# The Maritime Reefer.



## Cpt Dick Brooks (May 13, 2013)

I was sitting at my table in The Seaside Garden Club, on the waterfront of Pago Pago, sipping on my first beer of the day. It was early yet, and there were only a few other drinkers in the bar... and none of the ex-pat crowd I normally drank with. I had just taken another pull from my glass of Vailima Beer, when the phone rang behind the bar. The owner's son, Morris, picked up the receiver, then waved me over to the bar, placing the phone on the counter.
It was Graham Stace, phoning from Auckland, in New Zealand. He was head of the New Zealand Fisheries Department. He told me that the dozen or so Korean and Taiwanese long-liners that were tied up in two lines in the middle of the harbour were being auctioned off the following week, and he wanted me to buy one for them. 
He suggested one of the two smaller ones, that were of some 130 feet overall, would do them just right. They wanted to convert her into a freezer mother-ship, to go around the smaller islands in the remote and exotic Northern Cook Islands, to collect the fish being stored in the freezer-rooms on shore for the local fishermen. They were trying to set up a local fishing industry, where the islanders could earn extra money to support themselves and their families.
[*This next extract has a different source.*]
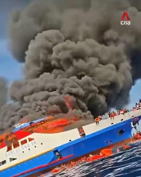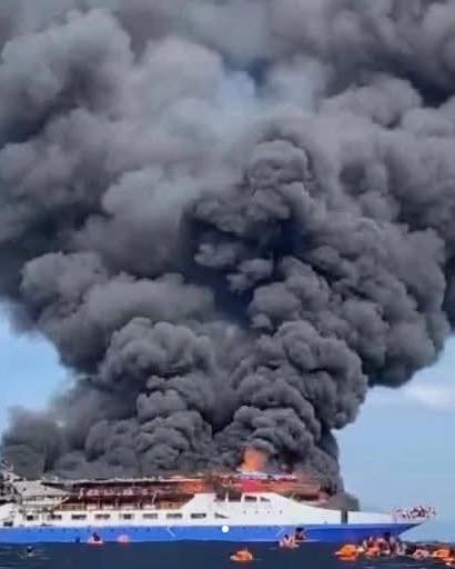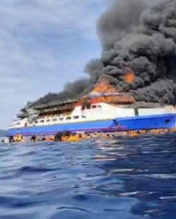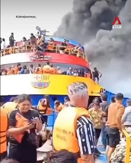 印尼一艘搭载超过280人的客船“KM巴塞罗那5号”昨在北苏拉威西省塔利斯岛海域突发火灾!🔥

I phoned the Harbour Master's Office, to obtain permission to board these two trots of fishing-boats and inspect them, and John Read put me through to the Marshal's Office, as they had been seized because of bankruptcy and were under his care. He gave me permission to survey them, and put me on the list of potential bidders at the forthcoming auction.
My ship, Debut, was moored up to the first buoy in the harbour, directly in front of The Seaside Garden Club, and the two trots of seized ships were close behind her. I used to anchor in the harbour, but even right up towards the western end of the harbour the water was still 110 feet deep. The next day, I motored my launch over to the long-liners to make my inspection, and chose the Nam Hae 67 as the most likely candidate for the New Zealand Fisheries Department.
The first five long-liners were auctioned, going for only two or three thousand dollars each... the cheapest being the 150 foot Catharine that had almost sank in the harbour, because the watchman for the ships had been drunk in my messroom and had passed out, went for only a thousand dollars. When the Nam Hae 67 was offered for opening bids, I put up my hand for the first thousand. 
There was much murmuring in the Court House, once the bids reached US $8,000, and all their eyes were flicking back and forward between me and a local American businessman. We kept on bidding against each other, with everyone shaking their heads at my bid of US $11,000. I had been authorized to bid up to US $25,000, but asked to try to keep it below US $20,000.
The Marshal eyeballed me, and asked why I wanted another ship... to make a catamaran, he suggested. Everyone in the Court Room laughed. He told me that I'd be spending the night in his cells, if I was messing him about. He reminded me that I had to pay 10% of my bid as a deposit within an hour of the end of the auction. I'd been asked by Graham Stace not to let anyone know that I was bidding on their behalf, as this could price them out of the market. 
I bid again to US $13,000, with the sweat running down my back, even in the air-conditioned Court Room. By now, there was absolute silence, as they all looked towards the local businessman, who shook his head. The hammer went down on my last bid, and I sighed in utter relief. I excused myself from the Court Room, and told the Marshal that I was going to the bank to get the US $1,300 deposit, and he pointed at the clock, reminding me that I had one hour.
Walking as fast as I could to the shipping agent that Graham Stace had given to me as their representative in Pago Pago, I collected their chequer with utter relief and returned to the Court House to pay the deposit. The Marshal was stunned, as he'd sent one of his officers to keep an eye on me, sure that he was having me in his cells that night for waiting his time.
Martin Petiffer arrived from New Zealand, to take charge of the conversation of the Nam Hae 67, and arranged for her to go up on the local slipway. I was a happy man when he handed me my chequer for US $650, the agreed five percent of the purchase price... not bad for an hour's work. The Nam Hae 67 was renamed the Maritime Reefer, but was always referred to as the Marijuana Reefer. She sailed with half a dozen of my crew for Penrhyn Island, in the Northern Cook Islands, but her refrigeration broke down, so she headed for Rarotonga, the capital of the Cook Islands.
A few weeks after her arrival, a cyclone hit the Cook Islands, and the Maritime Reefer broke her moorings in the harbour. With only old Archie on board as watchman, who was drunk at the time... again... she banged her way about in the dock, until she finally went out through the pier-heads. He managed to jumps ashore as she banged up against the pier-head wall, but forgetting to take a rope with him to secure the ship. She made her way out into the open ocean, to fetch up on the fringing outer reef alongside the wreck of the famous schooner, Wanderer. Whether she was recovered or not, I never found out, so rest in peace, the Maritime Reefer. All the best, Cpt Dick Brooks.